And the result looks something like this:

revision_idrevision_dtiddepicts_qids
3469899382019-04-23 12:31:02M75908279[Q4022]
3470044242019-04-23 15:08:17M75908279[Q4022, Q4022]
3470044252019-04-23 15:08:19M75908279[Q4022, Q4022, Q12280]

Depicts per file each month

From here, we are further reduce our dataset, which currently includes every revision of every file, into a set that includes only the single latest revision of each file in a given month.

  • month – The month in question for the data
  • qid – Wikidata item ID that is being depicted
  • qid_count – Number of images that depicted the qid in the given month

When broken down, this query:

  1. Find the earliest revision_dt time, that marks the start of the window and first depicts revision every created.
  2. Generate a list of months from this earliest point in time, to the current month, our data_spine.
  3. For each month, join all prior revisions, then assigning a row number, and keeping only the latest per depicted id.
  4. Split the depicts_qids array into individual qid rows, so each qid appears on its own row for the corresponding month.
  5. Group by month and qid, count the occurrences and order the result.
WITH date_spine AS (
  SELECT explode(sequence(
    DATE_TRUNC('MONTH', (SELECT MIN(revision_dt) FROM revisions_temp)),
    DATE_TRUNC('MONTH', CURRENT_DATE()),
    INTERVAL 1 MONTH
  )) AS month
),
latest_per_month AS (
  SELECT 
    month,
    id,
    depicts_qids,
    ROW_NUMBER() OVER (
      PARTITION BY month, id 
      ORDER BY revision_dt DESC
    ) as rn
  FROM date_spine ds
  CROSS JOIN (
    SELECT 
      id,
      revision_dt,
      depicts_qids,
      DATE_TRUNC('MONTH', revision_dt) as revision_month
    FROM revisions_temp
  ) r
  WHERE r.revision_dt < ds.month
),
final_states AS (
  SELECT 
    month, 
    id, 
    depicts_qids
  FROM latest_per_month 
  WHERE rn = 1 AND depicts_qids IS NOT NULL
),
exploded_qids AS (
  SELECT 
    month,
    explode(depicts_qids) AS qid
  FROM final_states
)
SELECT 
  month,
  qid,
  COUNT(*) AS qid_count
FROM exploded_qids
GROUP BY month, qid
ORDER BY month, qid;Code language: SQL (Structured Query Language) (sql)

Finally leading to a result that looks something like this…

monthqidqid_count
2019-05-01 00:00:00Q10011
2019-05-01 00:00:00Q1003545190
2019-05-01 00:00:00Q10104002

And if you are interested, and have access, this dataset is currently stored in addshore.commons_depicts_monthly, and the raw notebook is stored in a Github gist.

Looking at the graphs

I would embed the HTML of these graphs to make them interactive, but it seems I kept too much data into some of them, so pictures will have to suffice…

The first graph looks at all Wikidata items that are depicted more than 2500 times.

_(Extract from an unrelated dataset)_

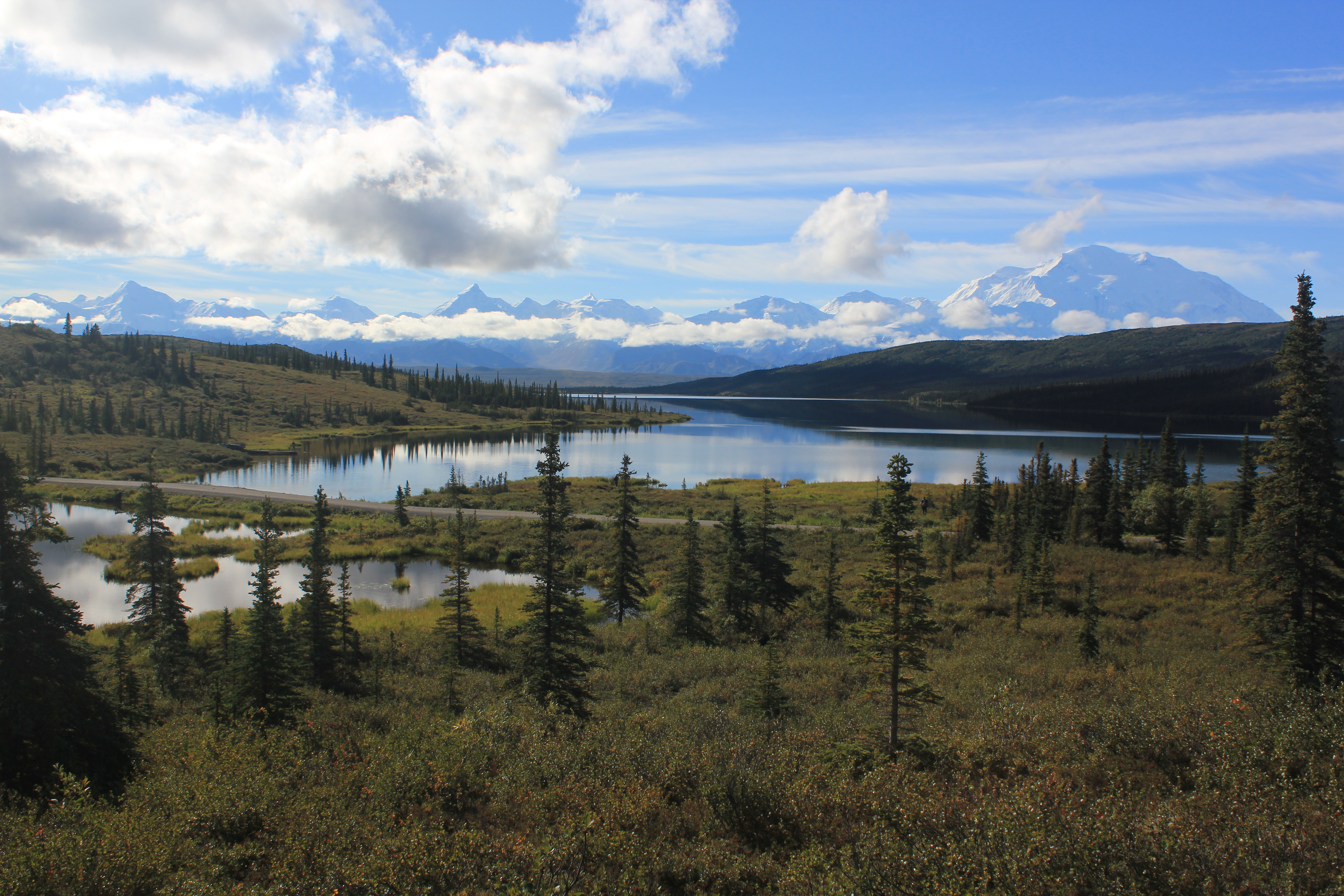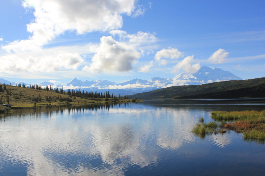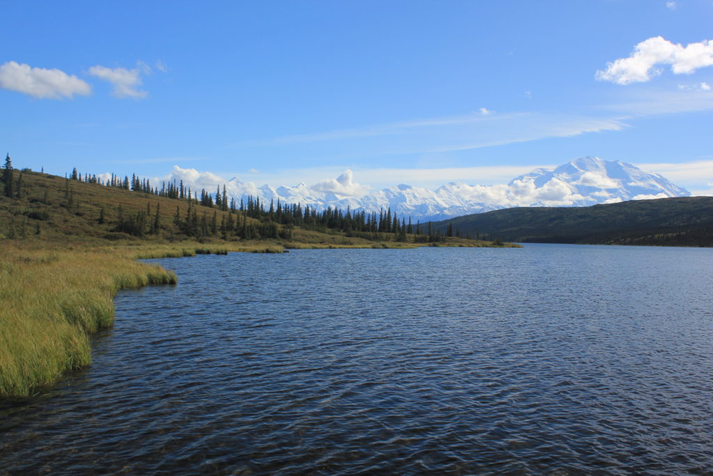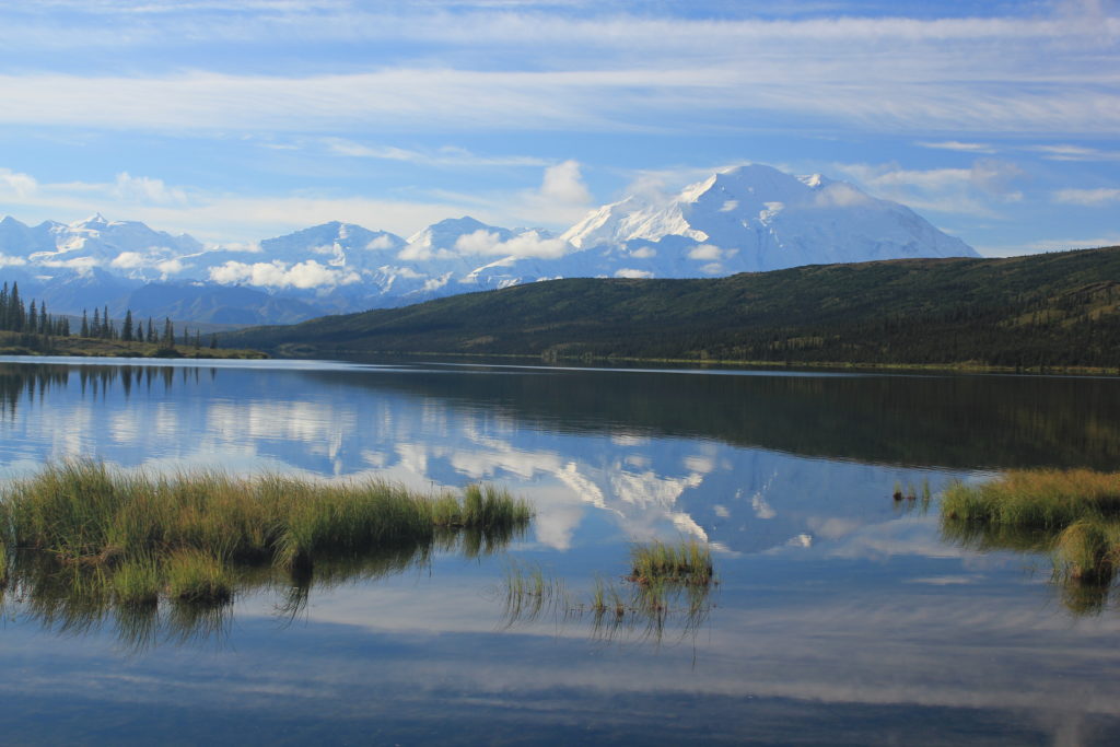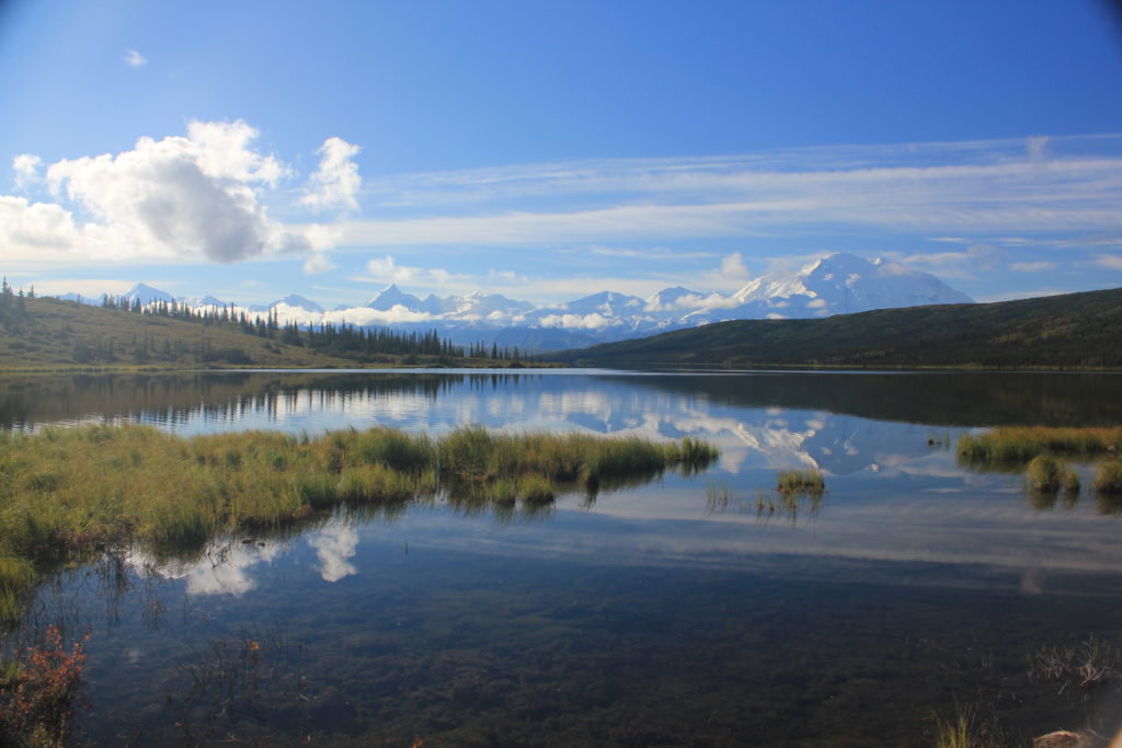 There are small cloud formations as the mountain range creates it’s own weather. Denali is over 20,000 feet above sea level.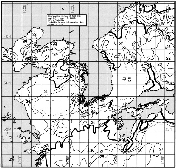 ※ 위 그림은 NOAA 위성에서 관측한 한반도 주변해역 표면수온 영상의 평년(1990-2015년) 에 대한 편차 분포를 나타냅니다. ◦「작년에 비해」 대화퇴 근해 2도 낮게, 울릉도-독도 근해 비슷하게, 대마도 근해 0.5도 높게, 제주도 근해 1도 높게, 이어도 근해 2도 높게, 가거초 비슷하게, 어청도 근해 0.5도 낮게, 백령도 2도 낮게 나타날 것으로 예상됩니다. 광역 위성영상 합성 표면수온 분포도 (2015. 07. 07 ~ 2015. 07. 13)

The top 5 items are:

  • Q34442 (road) – wide way leading from one place to another, especially one with a specially prepared surface which vehicles can use
  • Q5004679 (path) – small road or street
  • Q532 (village) – small clustered human settlement smaller than a town
  • Q3947 (house) – building usually intended for living in
  • Q11451 (agriculture) – cultivation of plants and animals to provide useful products

When looking at the same data on a log scale, it’s even easier to see a dip in depicts statements for various items between Feb 2024 and 2025. I believe this is due to the Mass revert of computer-aided tagging by SchlurcherBot due to the evaluation of the experiment that was deemed a failure. See T339902 for further evaluation.

It’s clear to see that road has been winning since July 2021, where it overtook Q527 (sky) which was then in the top spot, and Q828144 (floor exercise) which was second, and Q623270 (horizontal bar) which was third.

Having a look at the earlier days of the structured data, up until August 2021, we are see that a very different set of Wikidata items were taking the top spots.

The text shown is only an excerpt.